L’autorisation de diffusion accordée par les autorités philippines à la chaîne ABS-CBN, le plus grand réseau de diffusion de radio et de télévision gratuite du pays employant près de 11.000 personnes, est venue à expiration ce mardi. Aussi, dans un communiqué en date de ce dimanche 3 mai et alors même que le monde entier célébrait la Journée internationale de la liberté de la presse, la Commission nationale des télécommunications (NTC) des Philippines a ordonné à ladite chaîne de «cesser d’émettre».
Ainsi, bien qu’aux Philippines c’est le Congrès qui détient le pouvoir exclusif d’accorder des licences de diffusion, la résiliation de l’autorisation initialement accordée à ABS-CBN a été appuyée par les législateurs de la Chambre basse du Parlement philippin, qui, en se rangeant du coté du président Rodrigo Duterte, ont refusé de donner suite aux projets de loi demandant le renouvellement du permis de diffusion dont disposait cette chaîne.
ABS-CBN est dans le «viseur» du pouvoir d’abord parce qu’en 2016, elle s’était abstenue de diffuser un certain nombre d’annonces politiques faites par Rodrigo Duterte dans le cadre de sa campagne électorale puis parce que, par la suite, elle avait assuré une couverture assez critique de la manière controversée avec laquelle, une fois aux commandes de l’Etat, ce dernier avait mené sa guerre «sanglante» contre les réseaux de distribution de drogue.

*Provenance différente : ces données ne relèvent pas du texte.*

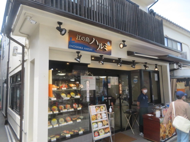 江の島名物の生しらす丼(1100円)を食べました、江島神社の参道・弁財天仲見世通り沿いにある昭和2年創業の老舗食堂江の島ハルミで食べました、丁度空いている席があったので一人でも大丈夫でした、目的の生しらす丼を美味しく食べることができました、他にここが発祥の江の島丼(1400円)などしらすを利用した丼があります、加工品のお土産の販売もしています。
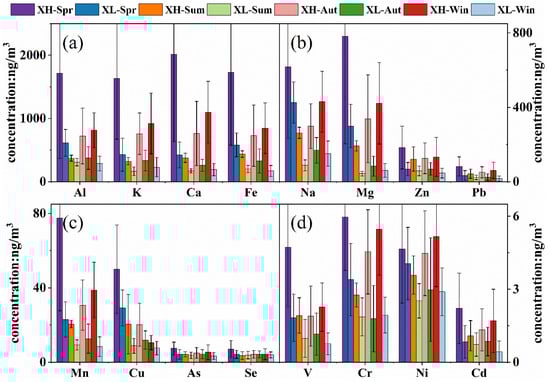 Figure 3 illustrates that although the concentrations of different elements vary widely, they share similar seasonal characteristics. The concentrations of Ca, Mg, Al and Fe were approximately 102–103 ng/m3, Zn and Pb were generally approximately 101–102 ng/m3, but the concentrations of V, Cr, Ni and Cd were below 10 ng/m3. In terms of seasonal variations, most of the elements appeared to have the highest concentration in spring, followed by autumn and winter, and the lowest concentration of elements occurred in summer. The slight difference was that the concentration of most elements in XH was higher in winter, while most elements in XL were higher in autumn. This was mainly because XH had more pollutants released by human activities and poorer diffusion conditions of pollutants in winter. Meanwhile, XL was free from human activities and the concentration of pollution was mainly from transmission; compared to autumn, XL had fewer potential source regions in winter, which can be seen in Section 3.4.
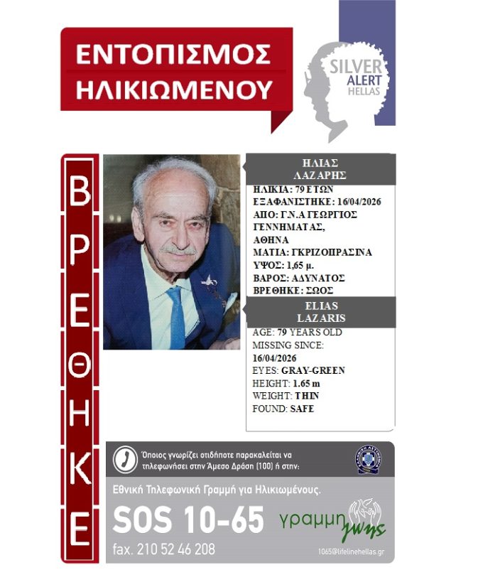 Ο Ηλίας Λάζαρης, 79 ετών, εξαφανίστηκε από το Γ.Ν.Α Γεώργιος Γεννηματάς, στην Αθήνα, το πρωί της 16/04/26.
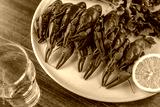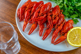 Boiled red crayfish on a plate, a glass beer, fresh herbs and lemon.Concept:beer appetizer, delicacy, crayfish meat.
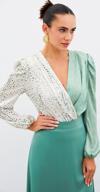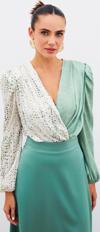 Kruvaze yaka, vatkalı, uzun lastikli kol, bel lastikli, alt çıtçıtlı, çift desenli bodysuit bluz.
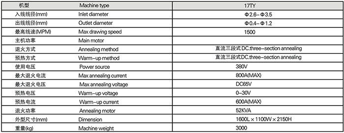 裸铜线系列中、伸连续退火机+预热机技术参数
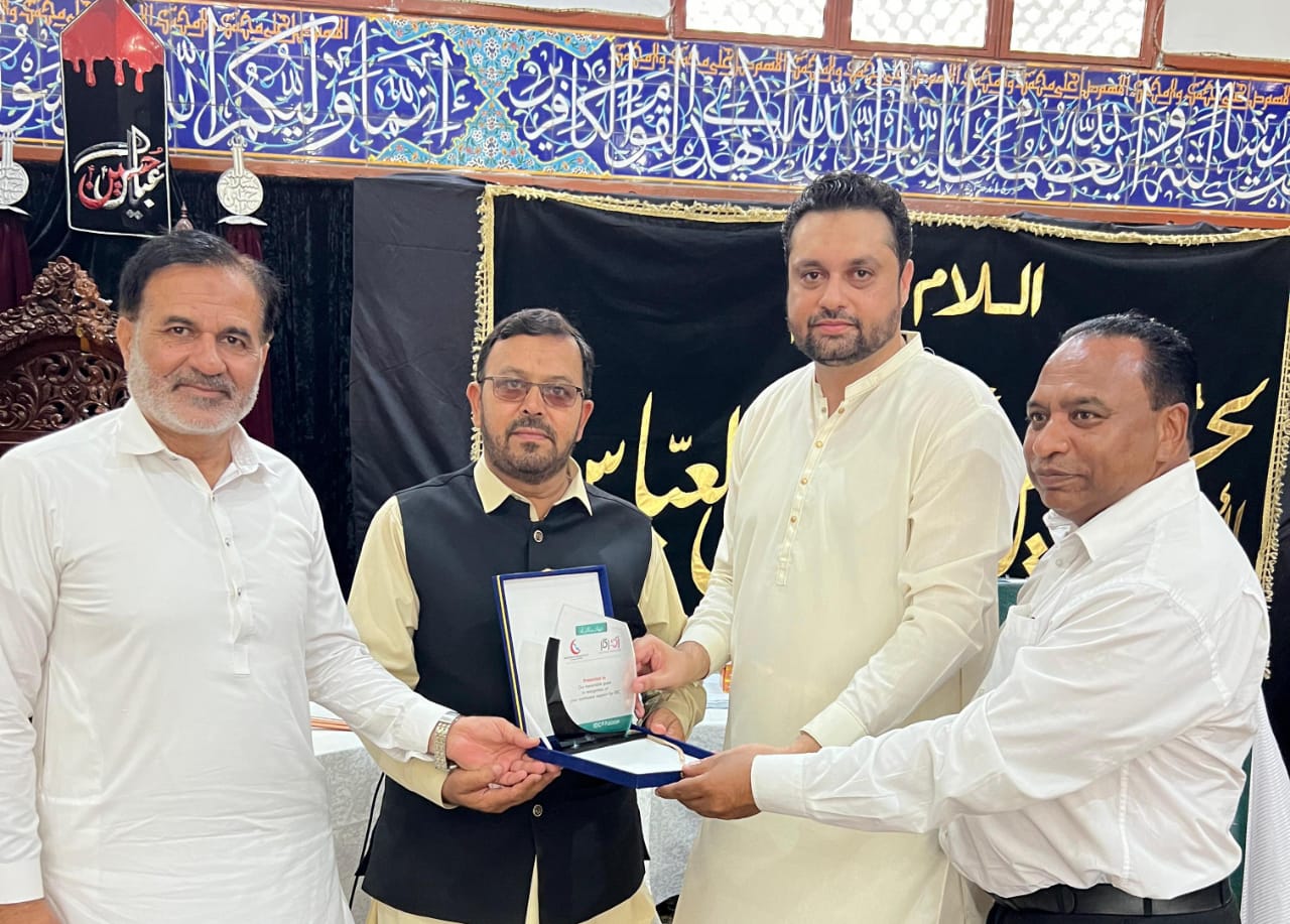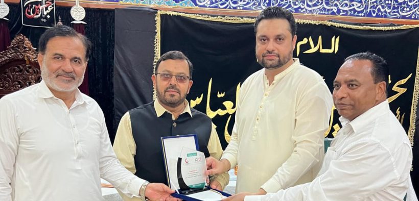 Islamabad (Urdu Times) Asghar Ali Mubarak, Fida Abbas Zaidi presenting shields to Ajmal Zaidi and others of Al-Qaim Lawyers Forum on the occasion of the 12th annual foundation day of Imamia Disaster Management Cell.
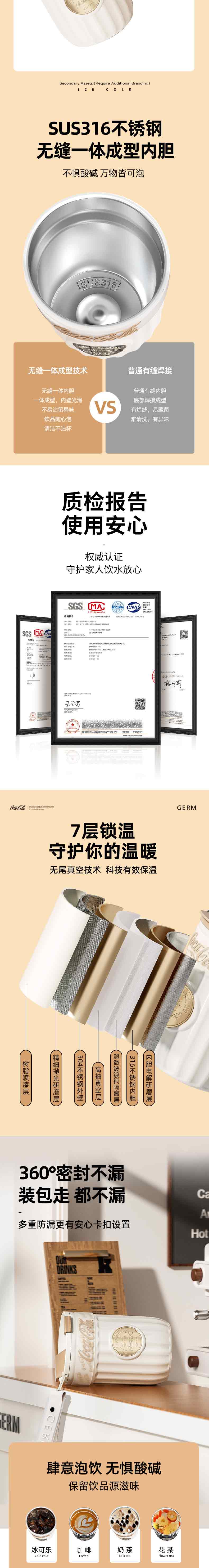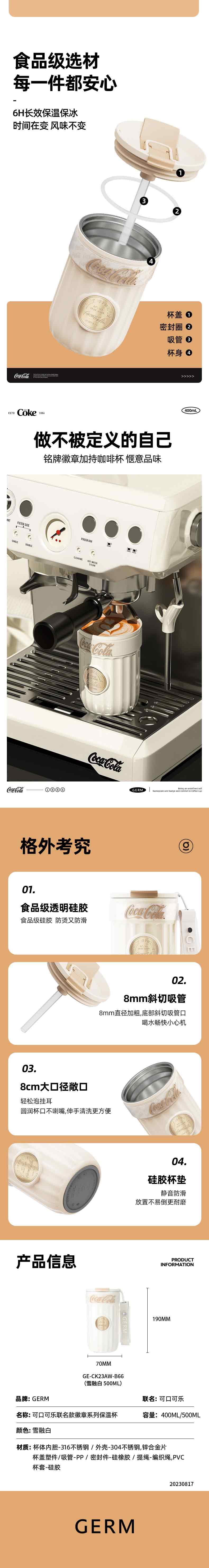 GE-CK23AW-B66 可口可乐联名款徽章系列保温杯(雪融白)
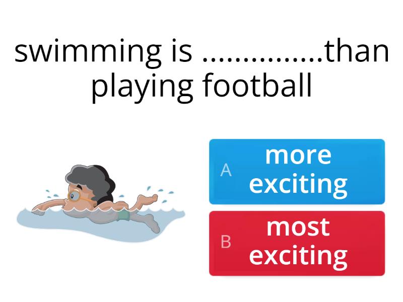 1) swimming is ...............than playing football a) more exciting b) most exciting 2) scuba diving is ........ than swimming a) more dangerous b) most dangerous 3) I think football is ......... sport a) more boring b) the most boring 4) Jane thinks pottery is .........than painting a) more difficult b) the most difficult 5) Art is the ____________ interesting subject! a) most b) more

Pourtant, en Février dernier, lors d’une audience au Sénat, Carlo Katigbak, le président de la chaîne avait présenté ses excuses au Président philippin qui les avait acceptées. Le jour-même, Menardo Guevara, le secrétaire à la Justice, avait alors annoncé que le gouvernement pourrait, en cas de besoin, délivrer à la chaîne une autorisation provisoire qui lui permettrait de continuer à diffuser dans l’attente de l’approbation législative officielle.
Interrogé à cet effet, Jose Calida, le principal avocat du gouvernement qui avait lui-même déposé auprès de la Cour Suprême la requête afférente à l’annulation de la licence dont disposait le géant des médias philippins, s’est contenté de menacer de porter plainte contre les régulateurs de la Commission nationale des télécommunications (NTC) s’ils venaient à accorder à ladite chaîne une quelconque autorisation provisoire.
Mais il convient de préciser, par ailleurs, qu’ABS-CBN n’est pas le premier organe de presse à subir les foudres du gouvernement Duterte puisque Maria Ressa, l’ancienne correspondante de «CNN international» qui dirige, actuellement, le service de nouvelles en lignes basé à Manille et qui est poursuivie dans le cadre d’une douzaine d’affaires judiciaires, déclare avoir été menacé d’emprisonnement, de viol et même de meurtre pour ses reportages sur la guerre contre les cartels de la drogue telle que la mène le président philippin. Pour Maria Ressa, l’attaque de Duterte contre les médias rentre dans le cadre de ses multiples tentatives de musellement de la presse pour empêcher que la communauté internationale ne prenne connaissance de ses dérives autoritaires.
Enfin, en déclarant dans un communiqué, que «l’ordre menace la liberté de la presse à un moment où le public a le plus besoin d’une presse sans entraves», l’Association des correspondants étrangers des Philippines rappelle qu’à l’heure où le pays se remet des retombées de la pandémie du coronavirus, «l’œil critique d’ABS-CBN est plus que jamais nécessaire pour informer le public».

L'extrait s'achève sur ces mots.